(Beginning of RECORDS SHOWN)
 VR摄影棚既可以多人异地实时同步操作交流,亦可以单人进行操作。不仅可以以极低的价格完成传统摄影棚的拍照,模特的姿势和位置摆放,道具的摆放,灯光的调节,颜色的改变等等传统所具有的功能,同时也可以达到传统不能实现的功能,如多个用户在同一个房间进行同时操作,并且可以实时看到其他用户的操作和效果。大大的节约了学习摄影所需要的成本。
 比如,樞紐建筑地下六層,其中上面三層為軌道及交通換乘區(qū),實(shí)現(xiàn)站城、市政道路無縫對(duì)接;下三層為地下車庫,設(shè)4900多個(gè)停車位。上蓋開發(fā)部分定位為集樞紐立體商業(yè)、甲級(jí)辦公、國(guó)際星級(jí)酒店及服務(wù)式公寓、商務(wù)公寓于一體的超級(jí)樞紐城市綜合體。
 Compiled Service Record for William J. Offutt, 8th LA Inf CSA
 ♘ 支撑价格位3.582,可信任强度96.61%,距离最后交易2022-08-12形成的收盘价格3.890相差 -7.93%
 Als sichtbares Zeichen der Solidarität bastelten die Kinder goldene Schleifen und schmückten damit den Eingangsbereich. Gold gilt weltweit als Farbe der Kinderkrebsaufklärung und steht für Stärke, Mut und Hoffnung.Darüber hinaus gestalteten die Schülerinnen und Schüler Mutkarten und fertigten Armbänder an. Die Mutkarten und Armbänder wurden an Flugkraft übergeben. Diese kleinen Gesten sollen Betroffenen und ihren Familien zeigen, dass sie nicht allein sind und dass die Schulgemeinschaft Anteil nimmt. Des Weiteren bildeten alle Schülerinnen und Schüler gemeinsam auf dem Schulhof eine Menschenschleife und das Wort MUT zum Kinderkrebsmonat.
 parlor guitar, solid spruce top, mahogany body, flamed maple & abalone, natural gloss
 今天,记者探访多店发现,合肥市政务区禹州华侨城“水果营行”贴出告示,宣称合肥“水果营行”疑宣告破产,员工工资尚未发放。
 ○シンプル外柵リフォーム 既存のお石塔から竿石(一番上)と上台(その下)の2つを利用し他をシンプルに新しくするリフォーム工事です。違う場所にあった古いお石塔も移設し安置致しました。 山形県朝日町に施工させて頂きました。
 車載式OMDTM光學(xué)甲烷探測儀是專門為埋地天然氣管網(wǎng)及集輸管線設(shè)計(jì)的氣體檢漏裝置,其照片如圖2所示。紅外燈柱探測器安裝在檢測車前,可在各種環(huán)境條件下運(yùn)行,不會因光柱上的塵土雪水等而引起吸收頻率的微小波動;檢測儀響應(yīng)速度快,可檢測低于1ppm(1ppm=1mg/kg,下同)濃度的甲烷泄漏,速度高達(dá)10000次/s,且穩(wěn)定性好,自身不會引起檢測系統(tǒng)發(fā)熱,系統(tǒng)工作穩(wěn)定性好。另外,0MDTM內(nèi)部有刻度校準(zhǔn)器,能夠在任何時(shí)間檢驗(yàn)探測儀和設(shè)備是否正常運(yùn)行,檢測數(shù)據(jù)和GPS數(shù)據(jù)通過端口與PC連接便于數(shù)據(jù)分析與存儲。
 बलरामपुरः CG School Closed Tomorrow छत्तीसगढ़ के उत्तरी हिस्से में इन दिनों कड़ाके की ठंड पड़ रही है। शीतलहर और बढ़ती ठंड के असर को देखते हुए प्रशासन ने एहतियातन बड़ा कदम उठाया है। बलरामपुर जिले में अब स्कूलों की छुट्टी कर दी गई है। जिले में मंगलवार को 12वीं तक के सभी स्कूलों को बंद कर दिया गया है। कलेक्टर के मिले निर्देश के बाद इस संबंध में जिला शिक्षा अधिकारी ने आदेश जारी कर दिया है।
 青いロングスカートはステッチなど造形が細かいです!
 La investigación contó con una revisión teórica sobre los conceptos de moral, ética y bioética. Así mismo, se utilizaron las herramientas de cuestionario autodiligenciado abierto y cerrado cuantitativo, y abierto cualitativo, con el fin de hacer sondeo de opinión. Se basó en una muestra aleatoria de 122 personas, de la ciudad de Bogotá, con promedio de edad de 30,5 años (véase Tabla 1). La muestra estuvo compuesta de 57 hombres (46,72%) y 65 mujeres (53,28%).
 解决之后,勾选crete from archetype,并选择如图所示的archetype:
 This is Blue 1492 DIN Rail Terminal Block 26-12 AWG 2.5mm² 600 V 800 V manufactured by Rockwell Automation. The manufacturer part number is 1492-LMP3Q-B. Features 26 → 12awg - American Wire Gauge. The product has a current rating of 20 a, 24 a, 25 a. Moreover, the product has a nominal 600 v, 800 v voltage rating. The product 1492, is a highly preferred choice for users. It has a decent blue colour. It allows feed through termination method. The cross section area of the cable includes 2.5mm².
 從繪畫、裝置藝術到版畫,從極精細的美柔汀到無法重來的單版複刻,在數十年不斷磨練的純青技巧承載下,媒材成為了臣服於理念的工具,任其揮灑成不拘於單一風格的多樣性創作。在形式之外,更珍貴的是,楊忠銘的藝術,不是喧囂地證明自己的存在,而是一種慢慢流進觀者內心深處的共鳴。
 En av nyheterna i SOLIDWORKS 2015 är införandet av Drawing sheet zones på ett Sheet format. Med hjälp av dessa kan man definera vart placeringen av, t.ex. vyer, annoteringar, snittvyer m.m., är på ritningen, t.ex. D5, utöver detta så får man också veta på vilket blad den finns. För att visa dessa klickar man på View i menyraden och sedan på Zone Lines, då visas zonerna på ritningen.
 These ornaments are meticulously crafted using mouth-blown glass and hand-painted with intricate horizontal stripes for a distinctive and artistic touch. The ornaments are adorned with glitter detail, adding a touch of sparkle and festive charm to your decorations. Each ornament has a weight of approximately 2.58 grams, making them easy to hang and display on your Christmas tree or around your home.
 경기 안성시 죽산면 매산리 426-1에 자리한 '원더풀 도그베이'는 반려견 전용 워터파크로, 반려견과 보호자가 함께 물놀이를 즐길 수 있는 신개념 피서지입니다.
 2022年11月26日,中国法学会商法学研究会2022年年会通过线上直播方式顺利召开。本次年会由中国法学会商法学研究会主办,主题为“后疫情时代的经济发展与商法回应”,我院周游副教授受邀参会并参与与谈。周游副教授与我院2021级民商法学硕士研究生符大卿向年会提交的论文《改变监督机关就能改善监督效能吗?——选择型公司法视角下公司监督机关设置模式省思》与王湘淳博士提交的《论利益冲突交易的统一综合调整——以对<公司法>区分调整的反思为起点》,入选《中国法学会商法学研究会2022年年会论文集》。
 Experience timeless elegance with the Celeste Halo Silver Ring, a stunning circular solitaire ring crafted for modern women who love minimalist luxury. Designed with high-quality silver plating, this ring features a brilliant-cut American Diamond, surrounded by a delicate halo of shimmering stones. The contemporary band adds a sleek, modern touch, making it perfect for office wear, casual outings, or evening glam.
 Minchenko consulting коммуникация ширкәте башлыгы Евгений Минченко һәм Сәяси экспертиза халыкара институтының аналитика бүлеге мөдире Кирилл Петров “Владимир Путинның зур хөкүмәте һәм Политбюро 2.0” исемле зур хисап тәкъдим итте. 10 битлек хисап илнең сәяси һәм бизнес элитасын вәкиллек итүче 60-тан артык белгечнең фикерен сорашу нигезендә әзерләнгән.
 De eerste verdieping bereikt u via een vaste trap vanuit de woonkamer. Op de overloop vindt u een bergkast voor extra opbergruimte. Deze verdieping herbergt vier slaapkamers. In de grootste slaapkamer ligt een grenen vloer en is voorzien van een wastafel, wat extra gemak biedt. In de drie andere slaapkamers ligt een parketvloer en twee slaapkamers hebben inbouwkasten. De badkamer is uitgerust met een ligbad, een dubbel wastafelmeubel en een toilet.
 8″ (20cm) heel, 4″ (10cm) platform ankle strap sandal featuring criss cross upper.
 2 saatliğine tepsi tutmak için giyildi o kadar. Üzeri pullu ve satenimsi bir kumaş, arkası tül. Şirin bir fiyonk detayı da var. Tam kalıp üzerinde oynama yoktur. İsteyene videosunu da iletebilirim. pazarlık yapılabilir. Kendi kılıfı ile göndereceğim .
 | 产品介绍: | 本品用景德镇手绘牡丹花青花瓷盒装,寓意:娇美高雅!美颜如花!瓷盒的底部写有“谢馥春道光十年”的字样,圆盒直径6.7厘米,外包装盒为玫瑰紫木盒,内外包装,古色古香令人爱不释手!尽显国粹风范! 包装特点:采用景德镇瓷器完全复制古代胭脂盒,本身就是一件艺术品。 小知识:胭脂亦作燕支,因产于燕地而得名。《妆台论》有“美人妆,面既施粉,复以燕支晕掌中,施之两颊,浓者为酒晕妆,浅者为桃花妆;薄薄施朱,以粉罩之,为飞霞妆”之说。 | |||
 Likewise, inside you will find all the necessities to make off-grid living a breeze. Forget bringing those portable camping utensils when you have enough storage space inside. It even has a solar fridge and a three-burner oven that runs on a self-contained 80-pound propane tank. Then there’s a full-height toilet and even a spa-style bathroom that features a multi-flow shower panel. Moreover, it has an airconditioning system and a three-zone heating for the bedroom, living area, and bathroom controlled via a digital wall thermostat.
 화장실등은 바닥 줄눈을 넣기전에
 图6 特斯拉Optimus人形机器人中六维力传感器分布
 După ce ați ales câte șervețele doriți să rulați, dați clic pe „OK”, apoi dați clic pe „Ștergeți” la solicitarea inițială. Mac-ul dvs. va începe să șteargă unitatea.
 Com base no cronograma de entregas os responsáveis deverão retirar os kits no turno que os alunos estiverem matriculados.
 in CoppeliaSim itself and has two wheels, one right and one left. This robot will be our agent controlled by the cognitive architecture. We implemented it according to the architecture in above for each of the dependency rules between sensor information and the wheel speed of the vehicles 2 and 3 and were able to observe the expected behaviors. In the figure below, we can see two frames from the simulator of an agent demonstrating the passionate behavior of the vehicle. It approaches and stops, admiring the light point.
(End of RECORDS SHOWN)
ACTIVITY: Repeat the lines from the first one in the records through the line containing "比如,樞紐建筑地下六層,其中", exactly as written, and nothing else.

FINISHED TASK:
 VR摄影棚既可以多人异地实时同步操作交流,亦可以单人进行操作。不仅可以以极低的价格完成传统摄影棚的拍照,模特的姿势和位置摆放,道具的摆放,灯光的调节,颜色的改变等等传统所具有的功能,同时也可以达到传统不能实现的功能,如多个用户在同一个房间进行同时操作,并且可以实时看到其他用户的操作和效果。大大的节约了学习摄影所需要的成本。
 比如,樞紐建筑地下六層,其中上面三層為軌道及交通換乘區(qū),實(shí)現(xiàn)站城、市政道路無縫對(duì)接;下三層為地下車庫,設(shè)4900多個(gè)停車位。上蓋開發(fā)部分定位為集樞紐立體商業(yè)、甲級(jí)辦公、國(guó)際星級(jí)酒店及服務(wù)式公寓、商務(wù)公寓于一體的超級(jí)樞紐城市綜合體。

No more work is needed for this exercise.